Hey, it’s Andrew, and this is Safety on Tap.
 
Since you’re listening in, you must be a leader wanting to grow yourself and drastically improve health and safety along the way.  Welcome to you, you’re in the right place.  If this is your first time listening in, thanks for joining us and well done for trying something different to improve! And of course, welcome back to all of you wonderful regular listeners.
Previous guest and friend of the show Dr. Drew Rae joins us in this episode as we poke at the idea of evidence-based practice.  Or more appropriately, the lack of it in health and safety.  Drew is a world-renowned academic, research leader and in-demand speaker from the Safety Science Innovation Lab at Griffith University in Brisbane, Australia.  And he doesn’t just mind pointing at elephants in the room, he helps us make sense of our safety practice in the process.
This is episode 95 of the Safety on Tap Podcast.  I can’t begin to tell you how much fun this learning journey has been with you, it has been honestly surprising how enlightening, challenging and uplifting this podcast production has become for me.  But the best bit is our connectedness – how a community of like-minded people from all over the world have come together as they listen and engage and challenge and share.  A while back I changed my title from CEO to the Chief Connector – because that best describes the value I create, by connecting people with new ideas, by connecting people with each other, and connecting people with their fuller potential, a better version of themselves.  That’s me, helping people like you.  None of this progress, nothing about Safety on Tap, exists without you. So firstly, thank you.  Nextly, I want your ideas about what I should do to celebrate the upcoming 100th episode.  I suggest you go back and listen to episode 50, another celebration, which was a unique episode celebrating you and your learning. Send me an email, andrew@safetyontap.com, and let me know what I should do for our 100th episode.

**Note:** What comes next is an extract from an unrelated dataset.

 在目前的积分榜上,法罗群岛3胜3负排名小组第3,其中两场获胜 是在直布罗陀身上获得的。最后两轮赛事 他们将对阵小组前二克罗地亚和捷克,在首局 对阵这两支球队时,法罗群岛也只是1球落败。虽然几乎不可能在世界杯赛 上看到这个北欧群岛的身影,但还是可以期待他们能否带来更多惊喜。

Now, on to another discomfort creating conversation, here’s Drew:

Don’t forget to email me with your suggestions on how we should celebrate our centenary episode.  And, if you are interested in accelerating your growth as a professional, check out Safety on Tap Connected.  Membership is less than most multi-day conferences and gives you an entire year of learning community access, learning resources you won’t find elsewhere, and most valuably on-demand 1:1 coaching with me as your professional coach.  If you want to make your professional development deliver better results for you, check out safetyontap.com/connected
Here’s my three takeaways from that chat with Dr. Drew Rae:
Takeaway #1: How much of your safety practice is about stories of good ideas or initiatives, versus evidence of good ideas or initiatives? I know that I struggle to articulate my own evidence-based narrative because it is so thin.  Now that doesn’t mean that stories aren’t important – you still need them to enlist people in positive change, just be wary of when that is because the evidence supports it, or for some other reason, like it’s a good idea, or I heard it on a podcast, or that company over there are doing it.

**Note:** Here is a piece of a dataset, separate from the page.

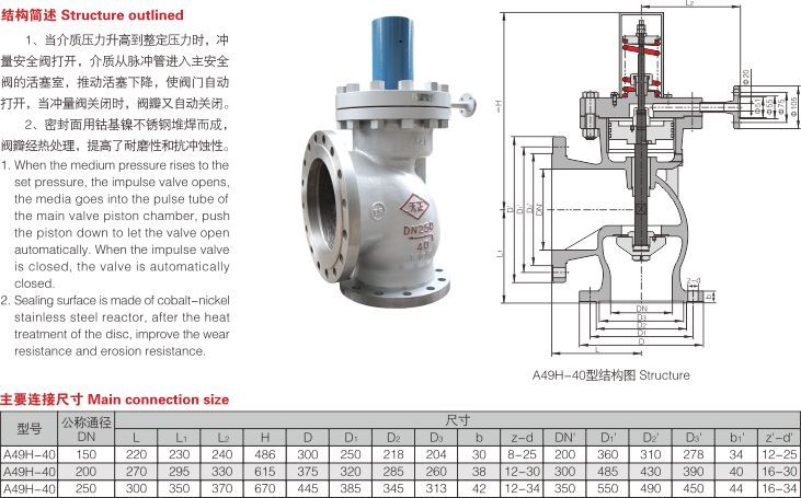 A49H-40型主安全閥主要用于電站鍋爐、壓力容器、減溫減壓裝置設備,防止壓力超過允許z高壓力值,保證設備安全運行。

Takeaway #2: Slow down.  Drew mentioned that in our intense need to take action, the gathering, or worse creation, of evidence is just too slow.  Maybe slowing down a little is ok.  Taking action that feels like progress, or diligence, or effective risk management, isn’t the same as stuff that actually is progress, diligent, or effective risk management.  Slowing the rush to action means you’re less likely to build up clutter, and you can create evidence in the space you create.  Simple experimental design, two group comparison, focused on evaluating the mechanism which you think creates safety.    I’ve included links in the show notes to my favourite resource for action research, which includes a free online course on action research design and execution – which is perfect when you are a researcher inside the organisation you are researching.
Takeaway #3: Not everything is going to have a solid, evidence-based rationale which explains its connection with safety outcomes.  As Drew said, plenty of the things we do service other legitimate purposes other than directly affecting the safety of work.  We need to demonstrate our commitment, we need to show external stakeholders we take safety seriously, and we will inevitably do compliance type things like rules, systems, measurement, and reporting.  Drew’s encouragement was clear: we need to be honest with ourselves about what it’s all for.  If you want to check out a nice model for making sense of that, check out episode 92, along with the reflection worksheet download I created for you at safetyontap.com/ep092
Thanks so much for listening.  Until next time, what’s the one thing you’ll do to take positive, effective or rewarding action, to grow yourself, and drastically improve health and safety along the way?  Seeya!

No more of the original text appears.